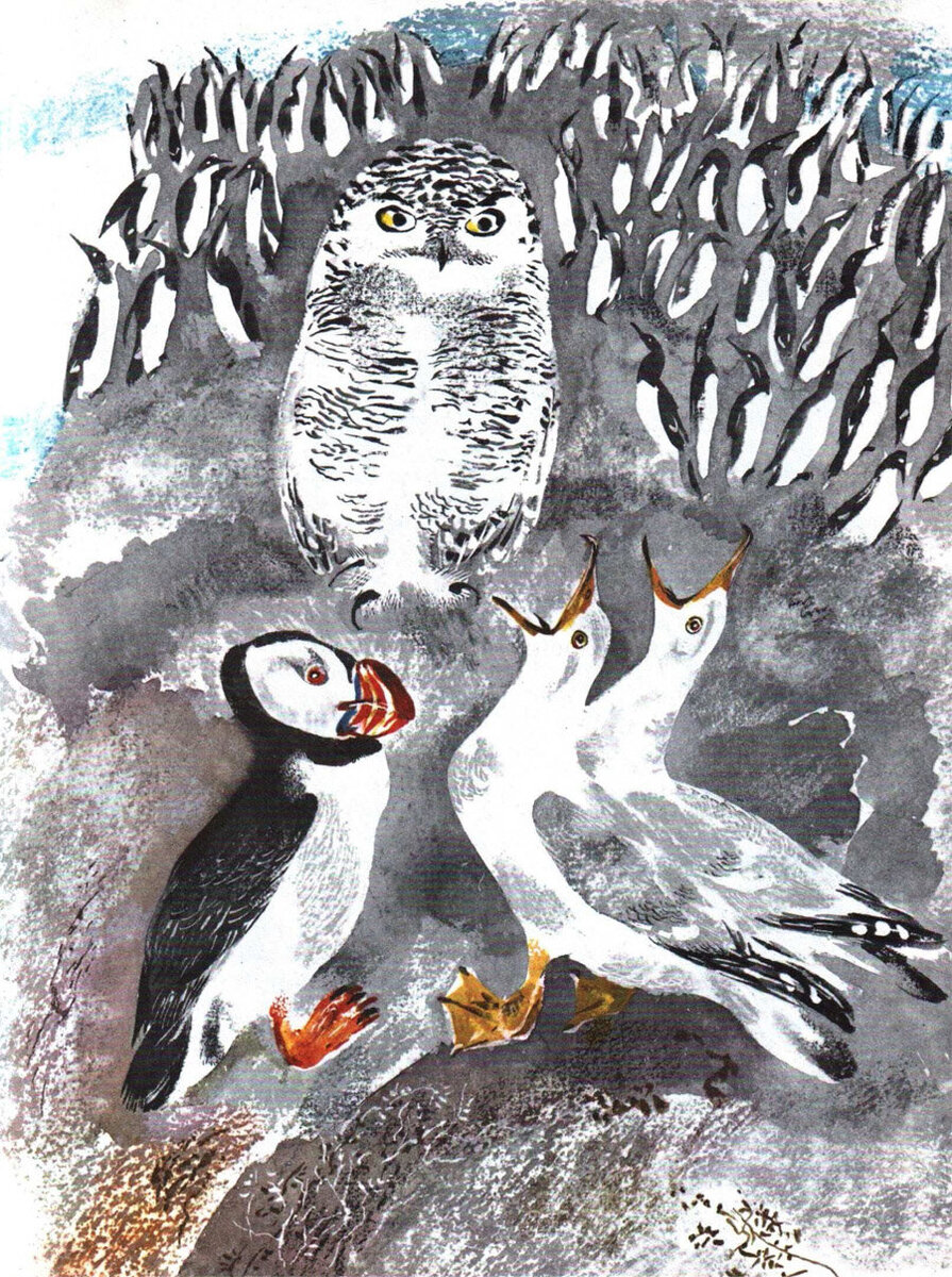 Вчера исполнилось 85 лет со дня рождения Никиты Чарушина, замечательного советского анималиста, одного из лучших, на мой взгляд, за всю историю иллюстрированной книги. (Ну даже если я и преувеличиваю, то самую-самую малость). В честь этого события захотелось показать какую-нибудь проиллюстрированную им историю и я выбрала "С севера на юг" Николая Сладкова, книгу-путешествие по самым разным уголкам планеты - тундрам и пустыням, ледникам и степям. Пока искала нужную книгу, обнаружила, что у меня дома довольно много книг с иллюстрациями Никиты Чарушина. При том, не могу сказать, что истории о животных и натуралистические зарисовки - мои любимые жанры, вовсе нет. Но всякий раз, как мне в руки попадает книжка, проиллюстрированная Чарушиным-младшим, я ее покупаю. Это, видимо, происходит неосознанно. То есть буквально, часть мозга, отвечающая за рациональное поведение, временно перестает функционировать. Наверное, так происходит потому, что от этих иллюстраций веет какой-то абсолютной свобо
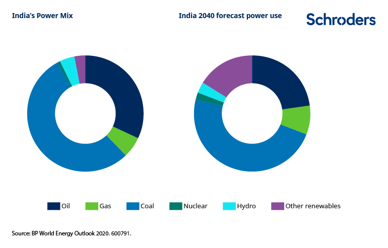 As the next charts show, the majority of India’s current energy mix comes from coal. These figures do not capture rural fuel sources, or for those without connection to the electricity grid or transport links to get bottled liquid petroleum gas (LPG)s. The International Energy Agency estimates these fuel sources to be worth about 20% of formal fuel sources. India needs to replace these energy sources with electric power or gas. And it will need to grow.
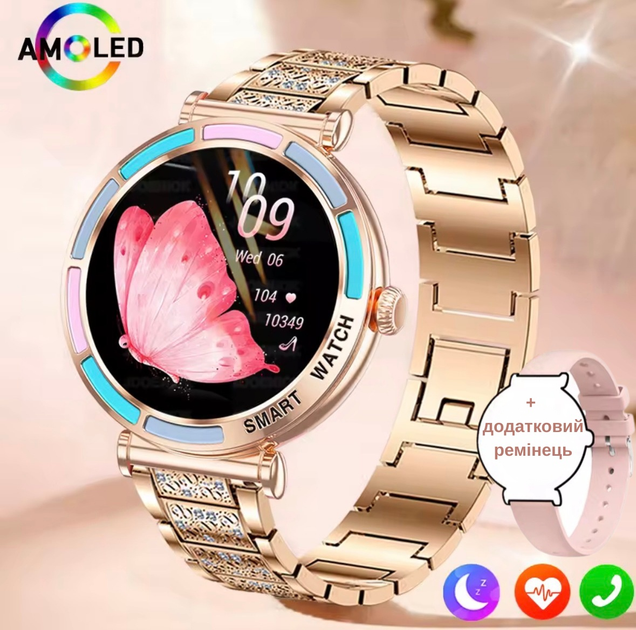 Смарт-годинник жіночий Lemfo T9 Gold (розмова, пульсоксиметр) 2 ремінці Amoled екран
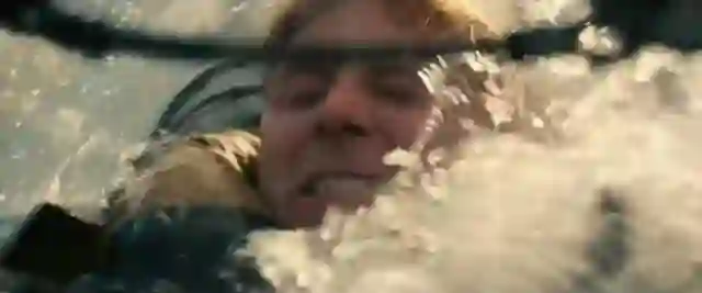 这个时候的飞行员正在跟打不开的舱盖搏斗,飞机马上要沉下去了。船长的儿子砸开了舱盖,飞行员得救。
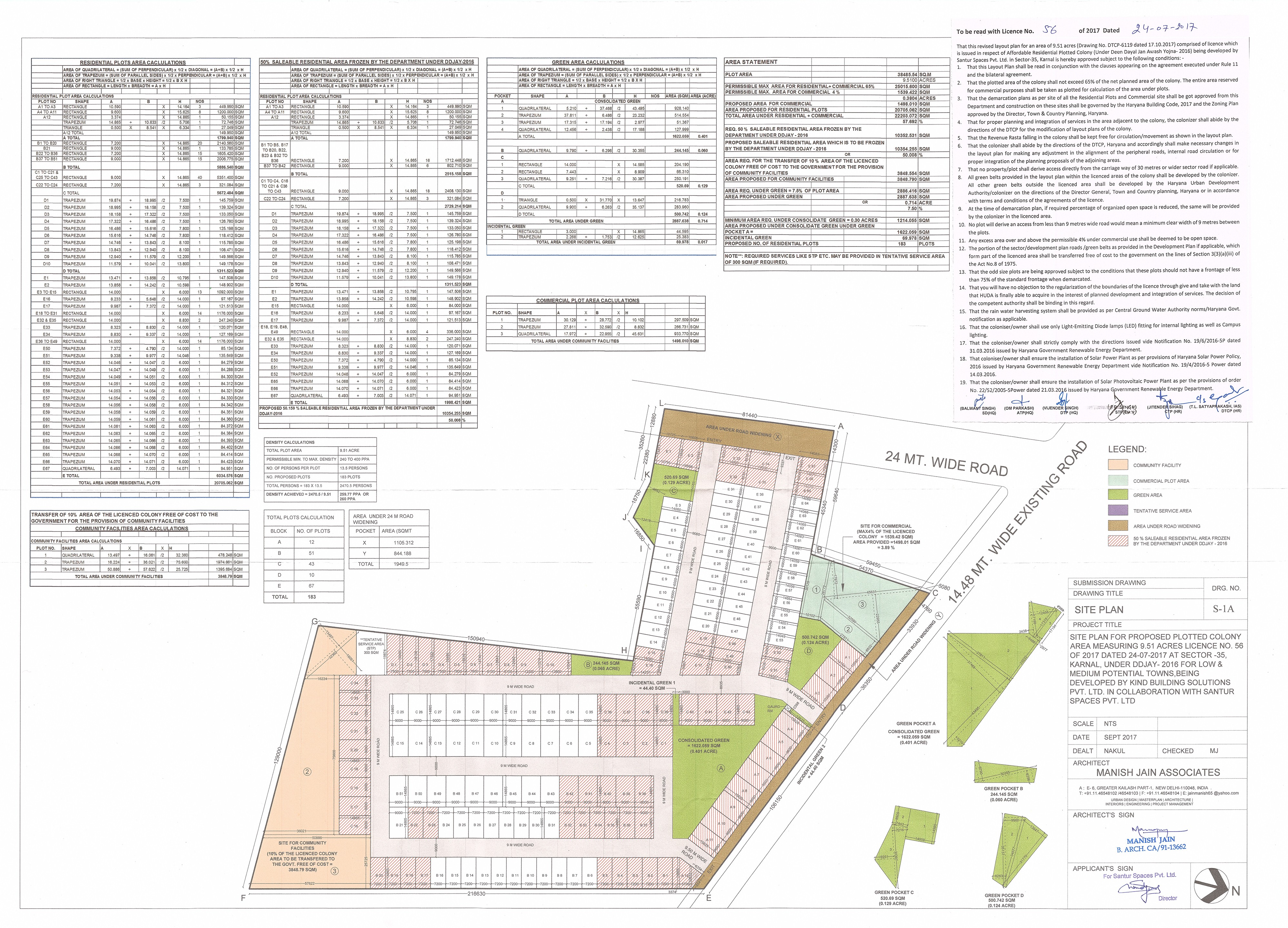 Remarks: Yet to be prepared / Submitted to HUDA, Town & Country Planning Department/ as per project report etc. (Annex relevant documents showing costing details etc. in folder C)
------
### TASK
Set down all of the data word for word; no pictures belong in it.

### ANSWER SPACE
 Вчера исполнилось 85 лет со дня рождения Никиты Чарушина, замечательного советского анималиста, одного из лучших, на мой взгляд, за всю историю иллюстрированной книги. (Ну даже если я и преувеличиваю, то самую-самую малость). В честь этого события захотелось показать какую-нибудь проиллюстрированную им историю и я выбрала "С севера на юг" Николая Сладкова, книгу-путешествие по самым разным уголкам планеты - тундрам и пустыням, ледникам и степям. Пока искала нужную книгу, обнаружила, что у меня дома довольно много книг с иллюстрациями Никиты Чарушина. При том, не могу сказать, что истории о животных и натуралистические зарисовки - мои любимые жанры, вовсе нет. Но всякий раз, как мне в руки попадает книжка, проиллюстрированная Чарушиным-младшим, я ее покупаю. Это, видимо, происходит неосознанно. То есть буквально, часть мозга, отвечающая за рациональное поведение, временно перестает функционировать. Наверное, так происходит потому, что от этих иллюстраций веет какой-то абсолютной свобо
 As the next charts show, the majority of India’s current energy mix comes from coal. These figures do not capture rural fuel sources, or for those without connection to the electricity grid or transport links to get bottled liquid petroleum gas (LPG)s. The International Energy Agency estimates these fuel sources to be worth about 20% of formal fuel sources. India needs to replace these energy sources with electric power or gas. And it will need to grow.
 Смарт-годинник жіночий Lemfo T9 Gold (розмова, пульсоксиметр) 2 ремінці Amoled екран
 这个时候的飞行员正在跟打不开的舱盖搏斗,飞机马上要沉下去了。船长的儿子砸开了舱盖,飞行员得救。
 Remarks: Yet to be prepared / Submitted to HUDA, Town & Country Planning Department/ as per project report etc. (Annex relevant documents showing costing details etc. in folder C)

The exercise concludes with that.